In this week’s two minute property investment news video I talk about the increase in people taking out investment property loans.
One way to track who’s buying property, is to see who’s borrowing money. Anyone competing to buy property has probably noticed the return of the investor, and now the numbers have come out to prove they’re in force.
The latest findings from the Roy Morgan Research Consumer Single Source survey show that over the past four years the number of investment property loans in Australia has grown by 37 per cent compared to an increase of only 4 per cent in the number of owner-occupied loans.

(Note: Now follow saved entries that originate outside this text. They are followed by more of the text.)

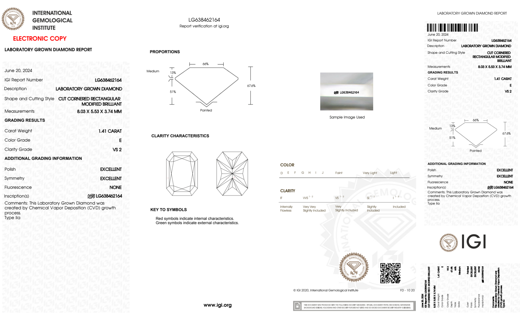 Your 1.41 carat Radiant lab diamond is graded E color (Colorless), and you can read more about E color diamonds here.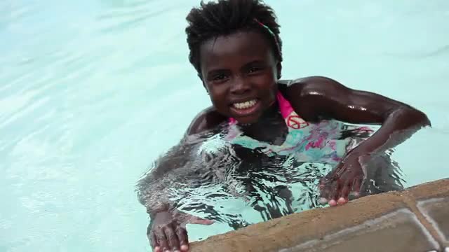 1964: child swimming in a pool with life preserver CAMDEN, NEW JERSEY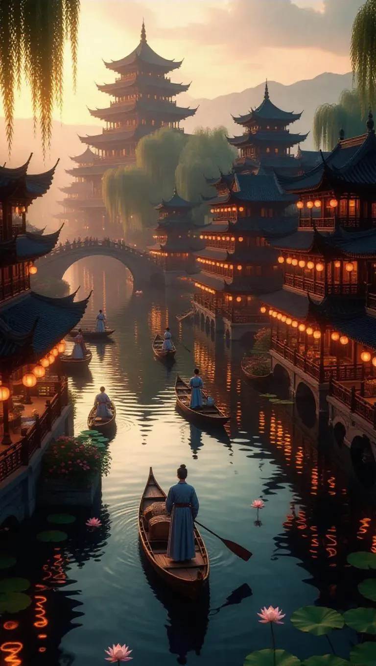 A grand riverside city in ancient China, bustling with silk-robed nobles, market stalls of pearls and jade, ten thousand layered rooftops beneath misty willow trees. Painted arch bridges span sparkling canals, fishermen and lotus girls laugh in boats under lantern-lit curtains. Golden osmanthus trees bloom by twin lakes, miles of lotus flowers sway. A poet, tipsy and smiling, stands on a pavilion, watching dancers and flutes under sunset clouds. Anime-style brilliance, flowing silk, shimmering water, dreamlike city lights.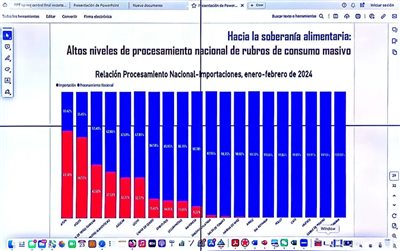 图中有红蓝两种颜色的条状图,红色部分是进口农产品比例,蓝色部分则是实现本国生产自给自足的比例。目前,委内瑞拉大部分农产品实现了自给自足,包括咖啡、鸡、鸡蛋、牛肉、盐、玉米和番茄酱;而牛奶(32%)、糖(37%)、意大利面(42%)、金枪鱼(69%)是需要进口的。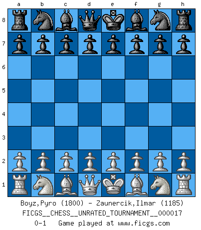 Last move : 0-1 2011 May 28 18:51:33 [Event "FICGS__CHESS__UNRATED_TOURNAMENT__000017"] [Site "FICGS"] [Date "2011.04.18"] [Round "1"] [White "Boyz,Pyro"] [Black "Zaunercik,Ilmar"] [Result "0-1"] [WhiteElo "1800"] [BlackElo "1185"] 0-1 This chess game has been lost on time (started : 2011.04.18 16:18:47) Player Black won this chess game. Follow this game move after move (download)Chess is a terrible game. If you have no center, your opponent has a freer position. If you do have a center, then you really have something to worry about ! (Siegbert Tarrasch) Kein Großmeister ist normal. Sie unterscheiden sich nur im Ausmaß Ihrer Verrücktheit. (Viktor Kortschnoi) Con el tiempo, empecé a progresar en partidas decisivas. Tal vez porque me di cuenta de una simple verdad: no solo estaba yo nervioso sino también mi oponente. (Mikhail Tal) Des points faibles ou des trous dans la position de l'adversaire doivent être occupés par des pièces et non pas par des pions. (Siegbert Tarrasch) There are lots of people who mistake their imagination for their memory. (Josh Bilings)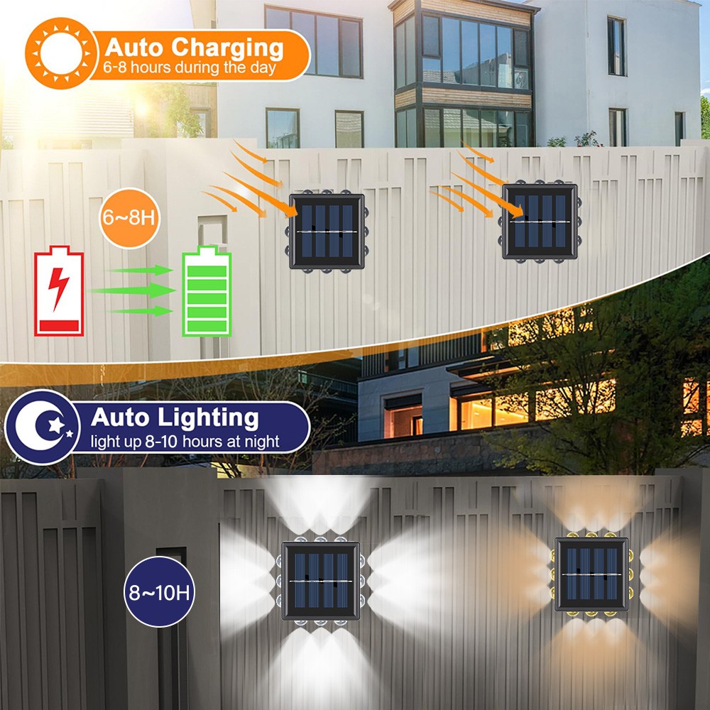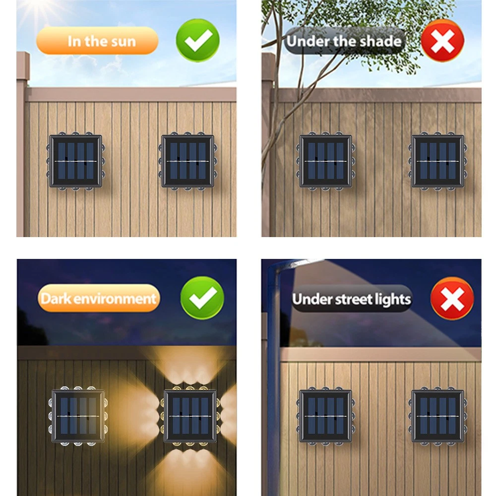 Product Description Description : 12LED Four Sides Upgraded Solar Wall Light: This bright solar lights outdoor garden equipped with 12 upgraded LED beads, which is much brighter and more cost-efficient than other fence lights on the market. This modern solar outdoor wall lights are up and down glow design. There are 3 upgrade lighting LED on the fours sides,which has a excellent lighting effects,providing better lighting and decoration for your house. Portable Size & Widely Used: Our deck lights solar powered are compact and portable, easy to handle and install in a variety of locations. Despite its small size, the outdoor step lights are very bright and suitable for enhancing security around doorways and garages, illuminating paths and backyards, and providing ample lighting for steps, fences, paths, stairs and more. Waterproof & Auto ON/OFF: This outdoor wall lights is made of weather resistant ABS material with a waterproof grade of IP65. The outdoor patio lights can withstand various outdoor conditions such as rain, snow, and extreme temperatures. And the solar powered fence lights automatically charge under sunlight. When the rechargeable battery is fully charged, the outdoor solar fence lights can light for 8-10 hours. Longer Working Time: Solar lights for steps has a wide range of lighting to illuminate your garden. The solar powered fence lights with a large battery capacity of 600mAh, it can work for up to 8-10 hours after 6-8 hours fully charged. The outdoor solar lights for fence can provide you a bright environment. Easy Installation: Fence post solar lights are relatively easy to install since they don't require any electrical wiring. outdoor fence lights can be mounted with screws (included) on outdoor walls, fences, next to the porch, or can be directly affixed with adhesive (included), which does not require a High-performance electrician to install and saves labor costs. Specification : Product Type: Solar Wall Light Weight: 191g Waterproof: IP65 Material: ABS+PC LED Quantity: 12LED Light Color: White Solar Panel: 2V/220mAh Battery Capacity: 600mAh Working Mode: Switch+Light Sensor Charging Time: 6-8hrs(in direct sunlight) Working Time: 8-10hrs(depends on battery capacity) Package Included: 2 x Solar Wall Light 2 x Screw Package 1 x User Manual Note: Due to the different monitor and light effect, the actual color of the item might be slightly different from the color showed on the pictures. Thank you! Please allow 1-2cm measuring deviation due to manual measurement. Payment Shipping Returns Contact Us 1. This is the payment method we can accept: Paypal 2. You can checkout and pay immediately after the auction ends or you complete the purchases. If you need an eBay invoice sent to you by Email, please contact us before making payments. 3. Once the checkout is completed, you will not be able to include any additional purchases. We start to process and fulfill your order once payment is received. New purchases after the checkout will be processed separately. 4. Payments are expected within 4 days after the order is confirmed. Unpaid item (UPI) strike may be filed with eBay upon non-receipt of payment. 1. How much is the shipping & handling (S&H)? Our shipping and handling charges are clearly stated in the Shipping and Payments section of the item page, and we provide Free Shipping for most items. 2. For multiple purchases, the combine shipping discount will be automatically calculated when you check out and pay all of your purchases together. Items checked out separately may not be combined and the combine shipping discount will not be offered automatically. 3. Please make sure the correct Ship-To address is entered before checking out. Once the payment is completed, you may not be able to change the shipping address. We shall not be held responsible for any wrong or undeliverable addresses. 4. We usually ship within 1-2 business days of receiving cleared payment. 1. We put buyer's satisfaction at top priority. If you're not pleased with your purchases, we'll be happy to make an exchange or refund the item total price less Shipping and Handling (S&H) charges within 30 days of your purchases. 2. For any Exchange, Refund or Return, the item must be in its original condition, including the box, packaging, and all the accessories or gifts. 3. We'll provide prepaid return shipping label if the return is a result of our error. Postage reimbursement is offered only on standard mails, and it needs to be approved by our staff prior to returning. 4. Please allow up to 7 business days for returns to be processed. 5. Shipping and Handling (S&H) charges are not refundable. 1. Customer satisfaction is very important to us and our feedback rating reflects this satisfaction. If you have any question or concern, please contact us via eBay message. 2. We respond to all eBay messages as quickly as possible. Though your question will usually be answered very soon, please allow us up to one business day before you start thinking your message is neglected or the reply is avoided, because there would be time difference, non-working hours or public holidays that have prevented us from making an instant response. Payment 1. This is the payment method we can accept: Paypal 2. You can checkout and pay immediately after the auction ends or you complete the purchases. If you need an eBay invoice sent to you by Email, please contact us before making payments. 3. Once the checkout is completed, you will not be able to include any additional purchases. We start to process and fulfill your order once payment is received. New purchases after the checkout will be processed separately. 4. Payments are expected within 4 days after the order is confirmed. Unpaid item (UPI) strike may be filed with eBay upon non-receipt of payment. Shipping 1. How much is the shipping & handling (S&H)? Our shipping and handling charges are clearly stated in the Shipping and Payments section of the item page, and we provide Free 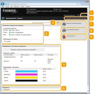 Отображение текущего состояния и информации об ошибках аппарата. Если возникает ошибка, отображается ссылка на страницу сведений об ошибке.

In 2010, just under one million Australians aged over 18 had an investment property loan compared to an estimated 1.31 million as at March 2014, which is an increase of 37 per cent.
Over the same period, the number of Australians with an owner-occupied home loan increased from 4.66 million to 4.83 million, which is an increase of only four per cent.
According to the survey, the growth in investment property loans has been driven by the 35 to 64 age group, which accounts for 78 per cent of the increase.
Norman Morris, a communications director at Roy Morgan, notes the level of borrowing by investors in coming years will be highly dependent on government policy and the economic climate.
Morris says “The future of negative gearing, increased property investment by self-managed super funds and interest rates are some of the factors likely to play an important role in the attractiveness of borrowing for investment property in the future.”